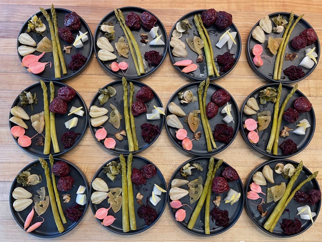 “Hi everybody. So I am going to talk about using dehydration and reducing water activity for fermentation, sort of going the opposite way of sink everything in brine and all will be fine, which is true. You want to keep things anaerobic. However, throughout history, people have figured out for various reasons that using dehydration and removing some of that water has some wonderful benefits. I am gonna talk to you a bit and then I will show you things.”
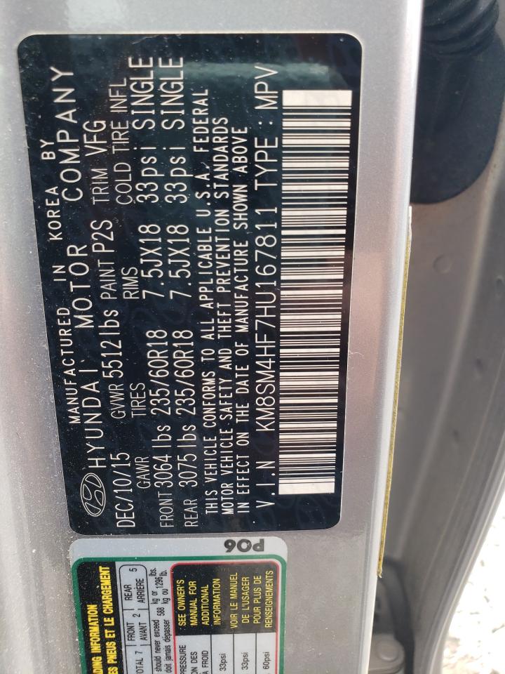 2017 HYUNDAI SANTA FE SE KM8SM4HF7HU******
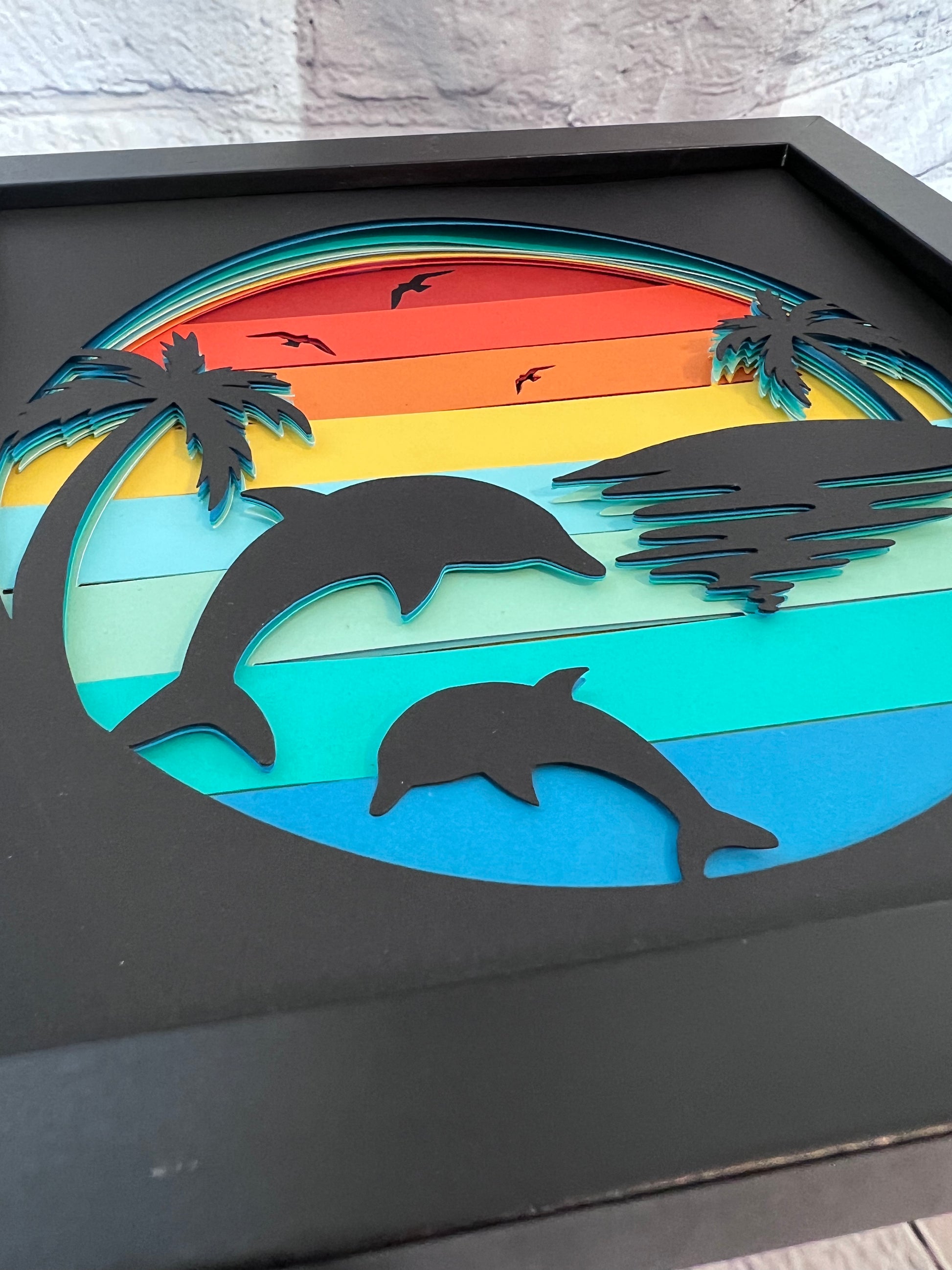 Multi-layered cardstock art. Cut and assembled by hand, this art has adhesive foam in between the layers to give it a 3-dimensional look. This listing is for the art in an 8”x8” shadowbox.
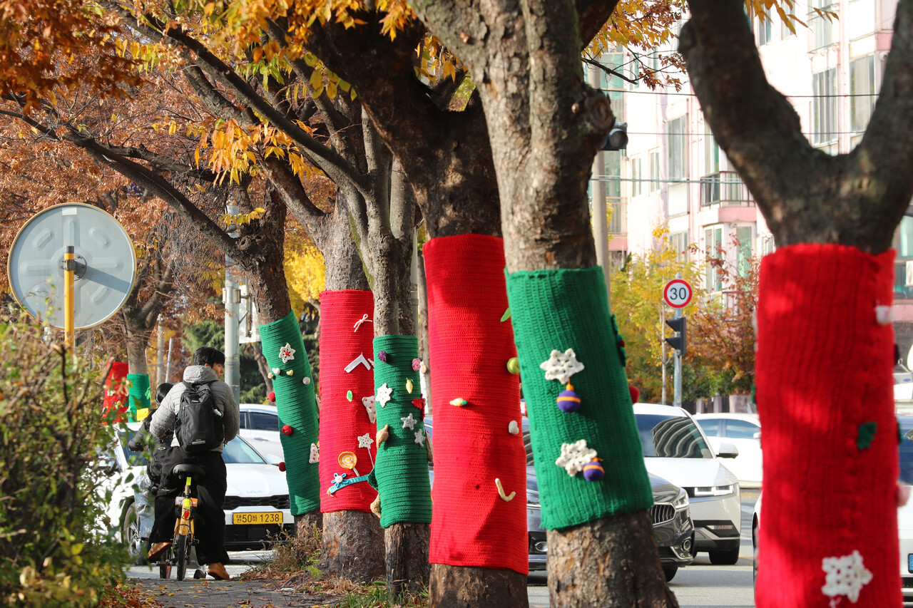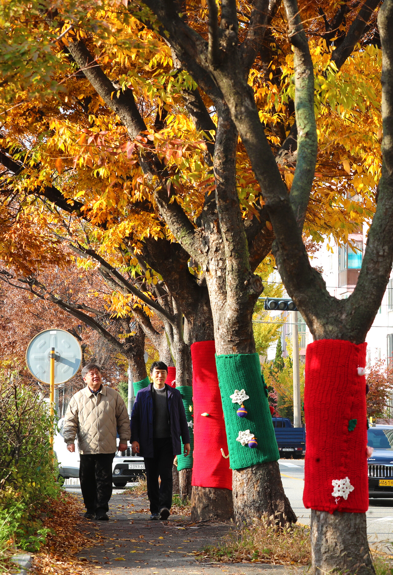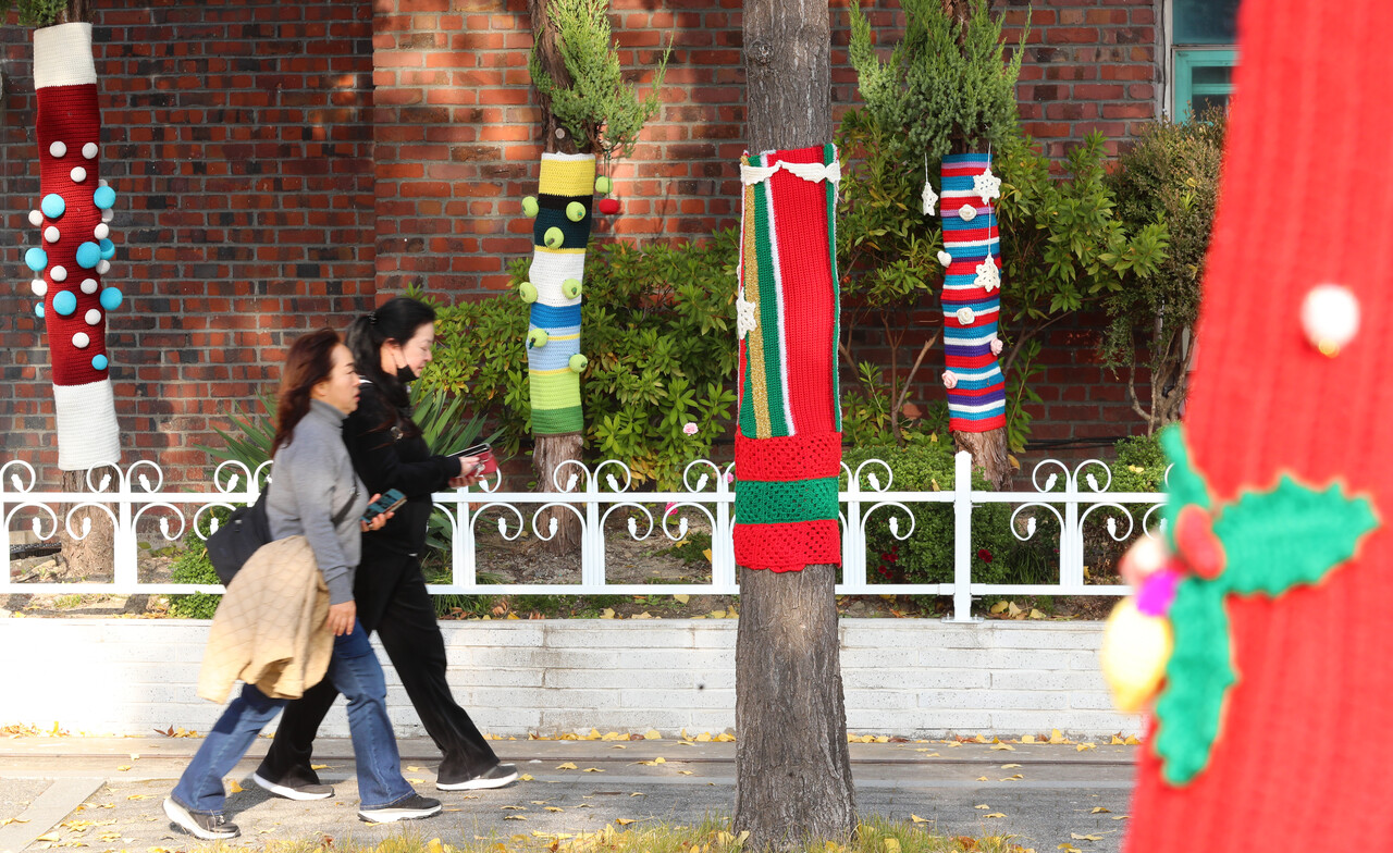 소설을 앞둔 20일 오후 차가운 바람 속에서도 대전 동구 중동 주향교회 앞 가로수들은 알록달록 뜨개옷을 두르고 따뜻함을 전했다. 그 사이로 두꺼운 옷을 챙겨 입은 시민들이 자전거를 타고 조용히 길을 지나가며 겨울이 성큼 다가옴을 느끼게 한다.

################

● Instructions to follow:
Leave the pictures out and output all of the data verbatim.

● Exercise output:
 “Hi everybody. So I am going to talk about using dehydration and reducing water activity for fermentation, sort of going the opposite way of sink everything in brine and all will be fine, which is true. You want to keep things anaerobic. However, throughout history, people have figured out for various reasons that using dehydration and removing some of that water has some wonderful benefits. I am gonna talk to you a bit and then I will show you things.”
 2017 HYUNDAI SANTA FE SE KM8SM4HF7HU******
 Multi-layered cardstock art. Cut and assembled by hand, this art has adhesive foam in between the layers to give it a 3-dimensional look. This listing is for the art in an 8”x8” shadowbox.
 소설을 앞둔 20일 오후 차가운 바람 속에서도 대전 동구 중동 주향교회 앞 가로수들은 알록달록 뜨개옷을 두르고 따뜻함을 전했다. 그 사이로 두꺼운 옷을 챙겨 입은 시민들이 자전거를 타고 조용히 길을 지나가며 겨울이 성큼 다가옴을 느끼게 한다.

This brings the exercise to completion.